What to work on
For each record below, output its text exactly and skip any picture.

· · · · ·

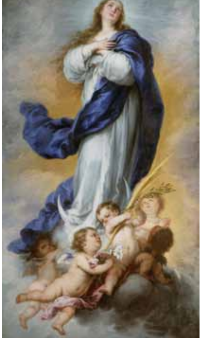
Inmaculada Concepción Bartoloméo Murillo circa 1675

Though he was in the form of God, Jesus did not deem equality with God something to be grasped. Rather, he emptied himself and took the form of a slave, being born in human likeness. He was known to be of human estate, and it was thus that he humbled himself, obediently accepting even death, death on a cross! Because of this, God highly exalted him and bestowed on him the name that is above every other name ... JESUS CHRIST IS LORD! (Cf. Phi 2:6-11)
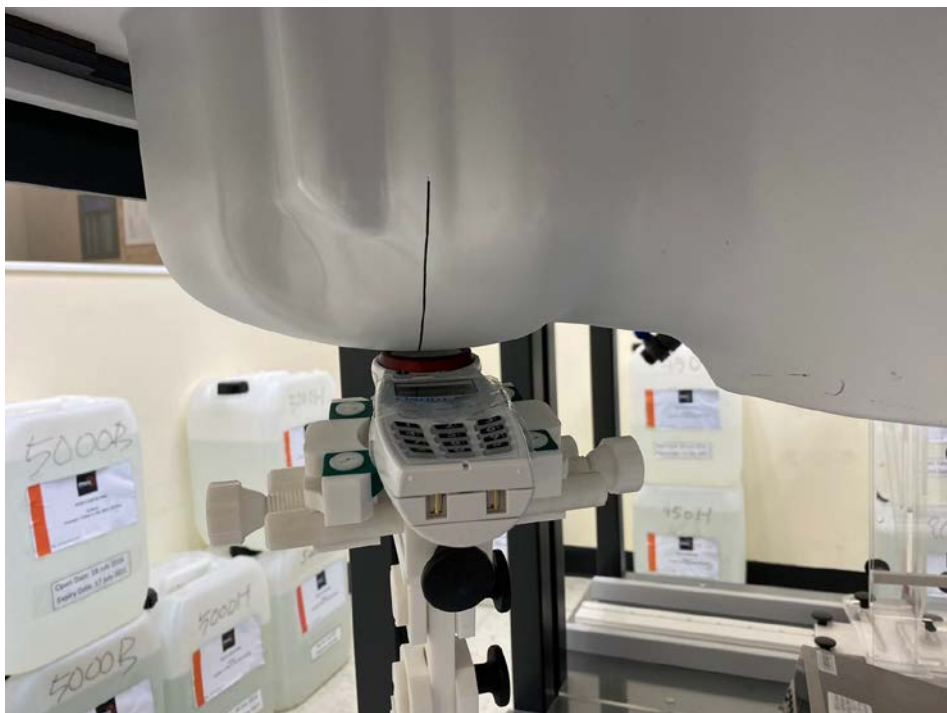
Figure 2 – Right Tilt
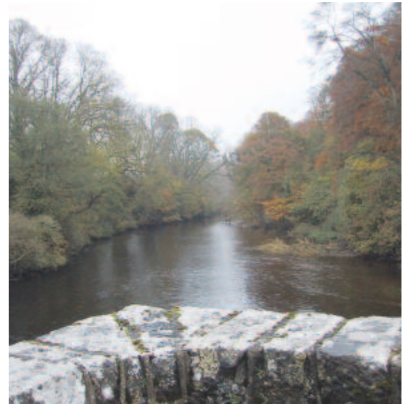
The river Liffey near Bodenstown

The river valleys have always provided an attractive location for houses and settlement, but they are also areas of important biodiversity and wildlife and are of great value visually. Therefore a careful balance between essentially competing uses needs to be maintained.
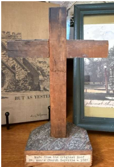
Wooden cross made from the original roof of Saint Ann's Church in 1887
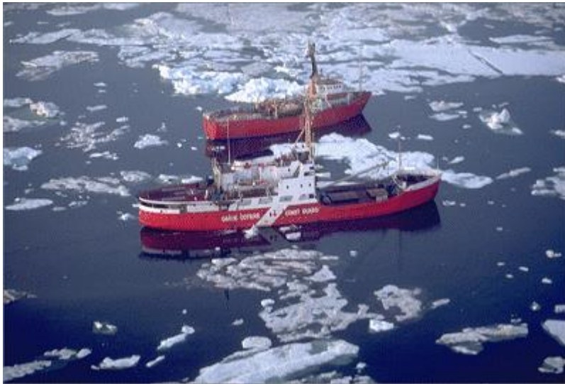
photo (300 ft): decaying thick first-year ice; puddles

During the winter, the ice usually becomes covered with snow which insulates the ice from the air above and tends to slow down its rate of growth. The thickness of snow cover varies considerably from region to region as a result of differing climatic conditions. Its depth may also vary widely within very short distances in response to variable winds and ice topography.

· · · · ·

Output of the exercise
Inmaculada Concepción Bartoloméo Murillo circa 1675

Though he was in the form of God, Jesus did not deem equality with God something to be grasped. Rather, he emptied himself and took the form of a slave, being born in human likeness. He was known to be of human estate, and it was thus that he humbled himself, obediently accepting even death, death on a cross! Because of this, God highly exalted him and bestowed on him the name that is above every other name ... JESUS CHRIST IS LORD! (Cf. Phi 2:6-11)
Figure 2 – Right Tilt
The river Liffey near Bodenstown

The river valleys have always provided an attractive location for houses and settlement, but they are also areas of important biodiversity and wildlife and are of great value visually. Therefore a careful balance between essentially competing uses needs to be maintained.
Wooden cross made from the original roof of Saint Ann's Church in 1887
photo (300 ft): decaying thick first-year ice; puddles

During the winter, the ice usually becomes covered with snow which insulates the ice from the air above and tends to slow down its rate of growth. The thickness of snow cover varies considerably from region to region as a result of differing climatic conditions. Its depth may also vary widely within very short distances in response to variable winds and ice topography.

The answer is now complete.